Incubare le larve a 28,5 gradi Celsius per quattro-sei ore per garantire un assorbimento efficiente dell'EBD. Per visualizzare l'EBD nel muscolo, utilizzare 0,04% trica per anestetizzare le larve prima di visualizzare le larve sotto fluorescenza rossa. L'EBD è stato iniettato nel CCV di mutanti omogenei Sapia e fratelli wild type con iniezioni di PF 3D che hanno riempito le camere cardiache come mostrato qui, sono stati quindi analizzati per il successo della perfusione del die visualizzando la destrina fitzy nel sistema vascolare sotto fluorescenza verde.

Dopo un periodo di incubazione di quattro ore, l'assorbimento di EBD è stato esaminato a livello di acaro, come mostrato in questa figura. I fratelli wild type non hanno mostrato fluorescenza EBD all'interno di alcuna fibra muscolare visibile, mentre i mutanti omozigoti sapia hanno mostrato una captazione di EBD che indica un danno alla membrana muscolare. Una volta che l'iniezione del colorante blu di Evans nella vena cardinale comune del pesce zebra, le larve possono essere completate entro 30-60 minuti a seconda del numero di larve iniettate.
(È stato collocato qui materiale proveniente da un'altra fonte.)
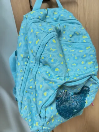Mochila en muy buen estado, con un diseño llamativo y colores vivos. - Estampado de manchas en azul claro y amarillo. - Corazón decorativo de lentejuelas reversibles en la parte frontal. - Dos compartimentos principales con cremallera. - Bolsillo frontal adicional con cremallera. - Asas ajustables y asa superior para colgar.
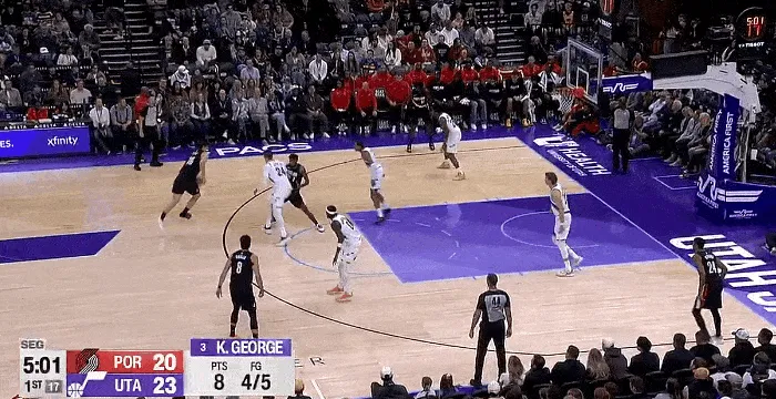 NBA季前賽,爵士對(duì)陣開拓者的球突比賽正在進(jìn)行中。

Inoltre, i risultati sperimentali possono essere ottenuti in un solo giorno per garantire la competenza. È importante ricordare di mirare attentamente alla vena cardinale per produrre risultati coerenti e interpretabili. Questo può essere impegnativo e probabilmente richiederà pratica Seguendo questa procedura.
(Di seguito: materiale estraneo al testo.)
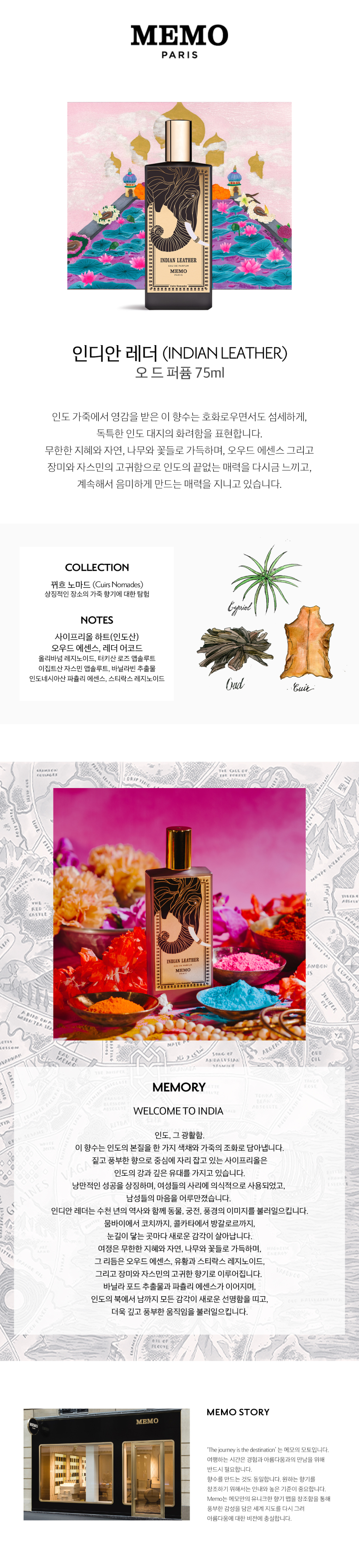 메모파리(MEMO PARIS)는 ‘기억(Memory)’에서 비롯되어 '향기로 이동 없이 여행을 떠날 수 있다'는 철학으로 탄생한 프렌치 프래그런스 하우스입니다. 후각적 기억이 깃든 메모파리만의 섬세하면서도 우아한 향기로 꿈꿔왔던 행선지로 당신만의 여행을 떠나보세요.

Altri metodi possono essere eseguiti come screening chimici e genetici al fine di determinare i meccanismi molecolari responsabili del danno di membrana associato alle distrofie muscolari. Questi esperimenti possono aiutare a stabilire nuove strategie terapeutiche per la malattia muscolare dopo il suo sviluppo. Questa tecnica ha aperto la strada ai ricercatori nel campo della ricerca sulle malattie muscolari per esplorare l'integrità della membrana nei modelli di distrofia muscolare di zebrafish.
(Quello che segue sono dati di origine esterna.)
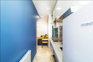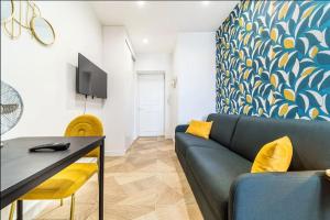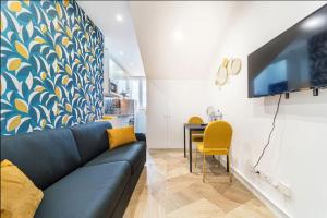 Apartament z 1 sypialnią w Magenta, Charmant & Moderne mieści salon z telewizorem, kuchnię z lodówką i piekarnikiem oraz łazienkę z suszarką.

Dopo aver visto questo video, dovresti avere una conoscenza approfondita di come iniettare il colorante blu di Evan nella vena cardinale comune delle larve di pesce zebra. Dovresti anche capire come identificare le fibre muscolari con danni alla membrana dovuti alla presenza del colorante blu di Evan all'interno delle fibre.